Стивену бы здесь понравилось, подумала Рени. Она представила себе брата, радостно бегущего по коридору и возбужденно рассматривающего новый дом, и у нее закружилась голова. Она пошатнулась, слезы обожгли глаза, а руки судорожно ухватились за перила. Прошло несколько минут, прежде чем Рени почувствовала себя достаточно спокойной для того, чтобы спуститься к Дако и извиниться за поведение отца.

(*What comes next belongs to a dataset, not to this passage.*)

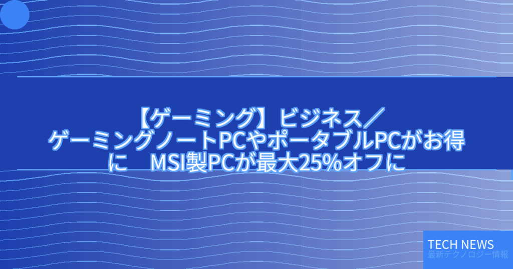 【ゲーミング】ビジネス/ゲーミングノートPCやポータブルPCがお得に MSI製PCが最大25%オフに

Джереми, полировавший на кухне уже сиявшую кастрюлю, лениво отмахнулся от ее объяснений.
– Я все понимаю. Ваш старик похож на моего. Эти люди никогда не могли сказать о ком-то хорошего слова.
– Он не такой уж и плохой, – возразила Рени, в душе соглашаясь со своим собеседником. – Просто после смерти мамы он так и не оправился.
Дако кивнул и как-то странно взглянул на нее.
– Вечером я заеду за вашим другом, а потом, если хотите, приготовлю вам ужин.
– Спасибо, Джереми, но вам не стоит утруждать себя. – Она замолчала, заметив на его лице тень тоскливого разочарования. Очевидно, он тоже страдал от одиночества. Насколько знала Рени, в его жизни не было более близких людей, чем мать и Сьюзен Ван Блик. И вот теперь Сьюзен не стало. – Вы и так сделали для нас очень много. Это я должна готовить для вас ужин.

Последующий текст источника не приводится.